Goto the release page of blackbox exporter and grab the latest release available. For Asus RT-AC series we need the ARM5 build. I am grabbing version 0.16.0. You can use following commands on router to get the release and set it up.

cd /mnt/<disk>/home/user
wget https://github.com/prometheus/blackbox_exporter/releases/download/v0.16.0/blackbox_exporter-0.16.0.linux-armv5.tar.gz
tar xzf blackbox_exporter-0.16.0.linux-armv5.tar.gz
mv blackbox_exporter-0.16.0.linux-armv5/blackbox_exporter /mnt/<disk>/bin/blackbox_exporter
rm -rf blackbox_exporter-0.16.0.linux-armv5*

Check if blacbox exporter is working by invoking the binary. It should print out the version and build information on the console. If you get an error you probably grabbed a build for wrong platform.
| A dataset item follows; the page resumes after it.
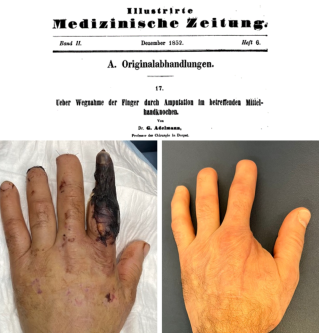 AbstractIntroduction Recent publications see the controversy between primary and secondary transmetacarpal resection (also known as the “Adelmann” operation) versus finger amputation at the level of the proximal phalanx in favor of the transmetacarpal resection in the case of a functionally disturbing basal phalanx stump or, for aesthetic reasons. The available publications do not differentiate significantly between the resections of the rays II-V. This paper examines cases of II ray resections and presents the results. It will be checked whether the results agree with the current literature. Material and method We compiled 7 cases of primary and secondary ray resections (3 primary/4 secondary) of the II ray at the mid-metacarpal level and examined the long-term results in regards of function, including loss of strength in strength grip and fine grip, and pain. The results are presented. Results: The loss of strength in the transmetcarpal (II ray) amputee hands was on average 30% for both the strenght grip and the fine grip. Relevant neuroma pain was evident only in one of the cases. All patients would have the procedure performed again. The results are in good agreement with the, albeit sparse, literature. Discussion: In the past, transmetacarpal resections were often not recommended because the procedure may lead to a greater loss of hand strength than finger amputation at the level of the proximal phalanx. Our follow-up study in isolated cases with ray II resection cannot confirm this belief. The loss of strength was on average 30% for different grip types and is therefore of the same order of magnitude as the loss of strength reported in the literature for isolated index finger amputation at the level of the proximal phalanx. We can therefore recommend transmetacarpal resection in both primary and secondary cases, such as Adelmannn did already in 1852. However, Adelmann himself never performed this procedure for ray II, but he only recommended it. Moreover, Adelmann wrote in his paper in 1882, that the first description of this kind of operation must be attributed to Lorenz Heister and therefore the operation should be called “Heister-Adelmann” operation. ![]() |

/mnt/<disk>/bin/blackbox_exporter --version

Once the exporter is validated we need to configure the blackbox exporter to start on boot. First we create a service file /mnt/<disk>/etc/services/blackbox_exporter.service with following content in it. This scripts checks if the exporter is already running by fetching the PID of blackbox_exporter. If not running it will start the exporter in background.

#!/bin/sh

ROOT_DIR=$1
CMD="$1/bin/blackbox_exporter"
LOG="$1/var/log/blackbox_exporter.log"

pidof blackbox_exporter

if [[ $? -ne 0 ]] ; then
    $CMD --config.file="$1/etc/blackbox.yml" >> "$LOG" 2>&1 &
else
    echo "Already running"
fi

Mark this file as executable:

chmod 755 /mnt/<disk>/etc/services/blackbox_exporter.service

Create a config file /mnt/<disk>/etc/blackbox.yml with following content.

modules:
  http_2xx:
    prober: http
  http_post_2xx:
    prober: http
    http:
      method: POST
  tcp_connect:
    prober: tcp
  pop3s_banner:
    prober: tcp
    tcp:
      query_response:
      - expect: "^+OK"
      tls: true
      tls_config:
        insecure_skip_verify: false
  ssh_banner:
    prober: tcp
    tcp:
      query_response:
      - expect: "^SSH-2.0-"
  irc_banner:
    prober: tcp
    tcp:
      query_response:
      - send: "NICK prober"
      - send: "USER prober prober prober :prober"
      - expect: "PING :([^ ]+)"
        send: "PONG ${1}"
      - expect: "^:[^ ]+ 001"
  icmp:
    prober: icmp
  dns_rp_mx:
    prober: dns
    dns:
      query_name: "robustperception.io"
      query_type: "MX"
      validate_answer_rrs:
        fail_if_not_matches_regexp:
         - "robustperception.io.\t.*\tIN\tMX\t.*google.*"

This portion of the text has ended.